* _Assignment_: An exact copy of the entries, with every picture omitted, is what is needed here.

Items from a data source
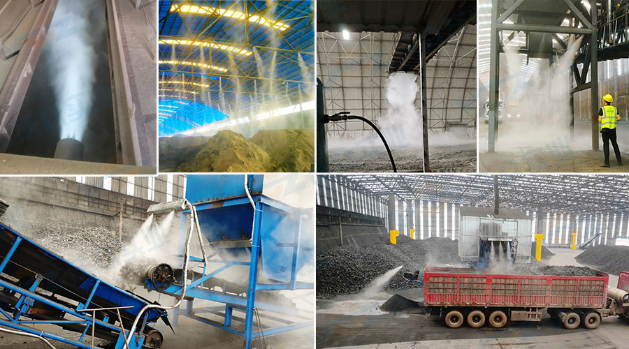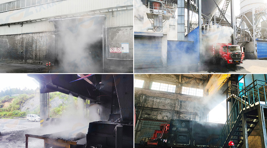 在廠房?jī)?nèi)部,物料堆積處、裝卸點(diǎn)、運(yùn)送帶等區(qū)域,易激起粉塵的區(qū)域,設(shè)置沃眾空壓微霧抑塵設(shè)備,減少粉塵揚(yáng)起,為工作人員創(chuàng)造良好工作環(huán)境。
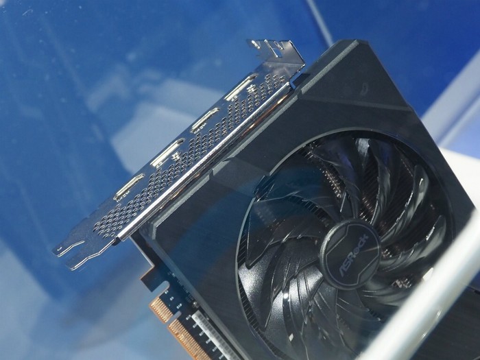初看和目前在售的华擎非公卡差不多,双风扇散热模组,就个头来看,预计 PCB 没有比 A380 大多少。
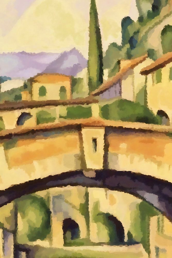 Italian village by river with old stone bridge was created digitally. It is an impression of a hot summer day at the time of day when the sun is highest in the sky. Design: portrait. Colour scheme: soft yellow, lilac, purple, green and orange. Impressionistic: painted quickly with a realistic rendering of visible reality.
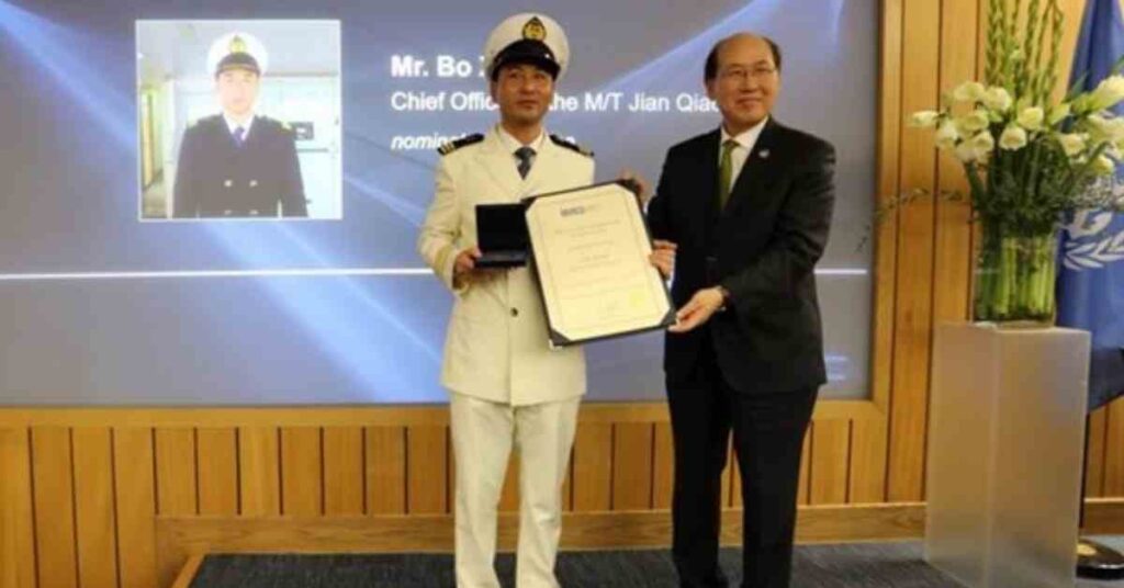 L’officier en chef du pétrolier Bo Xu reçoit le prix de bravoure de l’OMI 2022
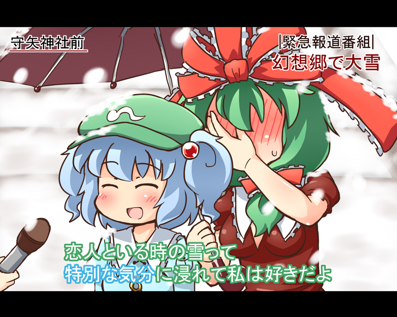 2girlsblue hairbowbreastscovering facefront ponytailgreen hairholdingholding microphonemememicrophonemultiple girlsred bowred ribbonribbonshared umbrellashyside-by-sidesmilesnowspecial feeling (meme)sweatumbrellayuri

* _Response for this exercise_:
 在廠房?jī)?nèi)部,物料堆積處、裝卸點(diǎn)、運(yùn)送帶等區(qū)域,易激起粉塵的區(qū)域,設(shè)置沃眾空壓微霧抑塵設(shè)備,減少粉塵揚(yáng)起,為工作人員創(chuàng)造良好工作環(huán)境。
初看和目前在售的华擎非公卡差不多,双风扇散热模组,就个头来看,预计 PCB 没有比 A380 大多少。
 Italian village by river with old stone bridge was created digitally. It is an impression of a hot summer day at the time of day when the sun is highest in the sky. Design: portrait. Colour scheme: soft yellow, lilac, purple, green and orange. Impressionistic: painted quickly with a realistic rendering of visible reality.
 L’officier en chef du pétrolier Bo Xu reçoit le prix de bravoure de l’OMI 2022
 2girlsblue hairbowbreastscovering facefront ponytailgreen hairholdingholding microphonemememicrophonemultiple girlsred bowred ribbonribbonshared umbrellashyside-by-sidesmilesnowspecial feeling (meme)sweatumbrellayuri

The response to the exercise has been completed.